By Charles D. Ellison
It goes without saying that the debt-ceiling debate left a detectably sour taste in the collective mouths of any Americans paying attention. Which is to say that Washington looked so dysfunctional that folks actually paid attention. This was the silver lining in the impasse. Perhaps that’s what democracy needs, an injection of the anti-apathy.
It’s the credit tea party folks don’t get. Although they represent about 20 percent of a very decentralized, but angry American public, they represent an active percent. You might not agree with them, but, hey now: they get whatever they want to get done. “Both parties are sitting in a burning theater,” deadpanned FreedomWorks President and CEO Matt Kibbe on a recent episode of Real Time with Bill Maher, one of numerous self-appointed and highly visible tea party founders who ripped it away from a poor Florida woman with a picket sign. “It’s crowded, it’s burning. They’re doing nothing. We yelled ‘fire,’ and now they call us irresponsible?”

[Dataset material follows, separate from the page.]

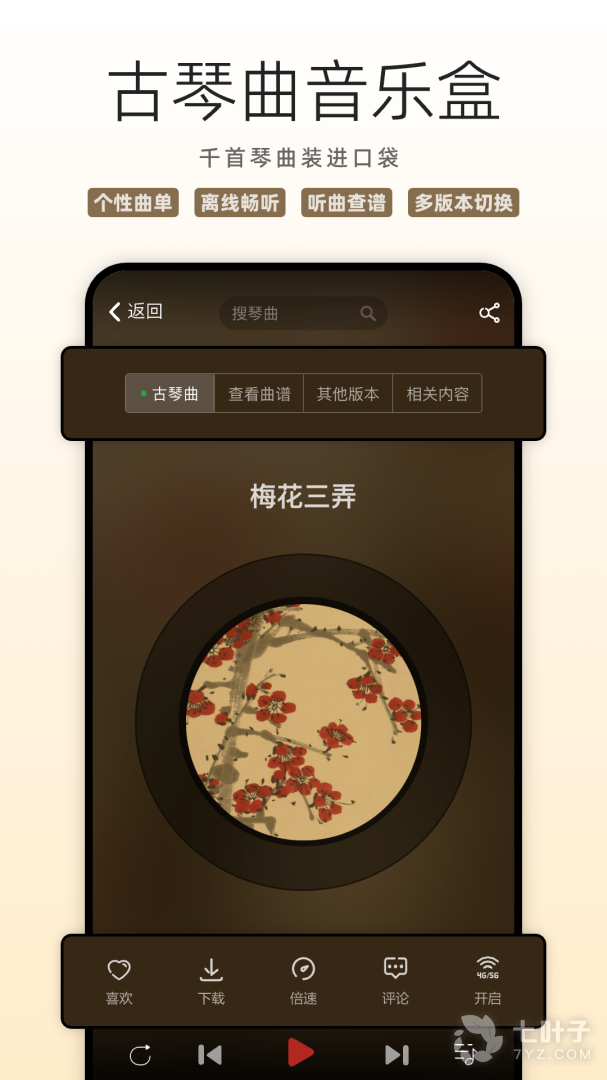 3、也可以来这里大展身手,表演你的琴技。国琴网配上专业制作的琴谱,供爱好者学琴练习使用。还不快来下载国琴网,欣赏优美的古琴曲吧

He is also one of many well-(corporate) financed naysayers of “big government” and “over regulation” representing a small, dangerously ill-informed segment of the population that is centered in small Main Street rural parts of America. Places where they don’t want to get it. Kibbe, running naked through his proverbial burning theater, is quick on the scene to tap that. The message to the rest of us is if you want to get your way then haul your ass to the next town hall.
We belabor the tea party because it impacts a big question everyone is asking: what this means for President Obama’s reelection prospects in 2012. While it’s still very early in the cycle to make predictions, it’s bad enough to feel the tear on the tea leaves. It’s not a good look. Certainly, if the election were held today, he’d lose. A recent aggregation of RealClearPolitics’ tracked polling data finds the President’s approval rating at 44%. Gallup, which is the Godfather of polls, has him at 41% – spread 10 points away from the 51% disapproval rating which means he’s got a long way to scratch.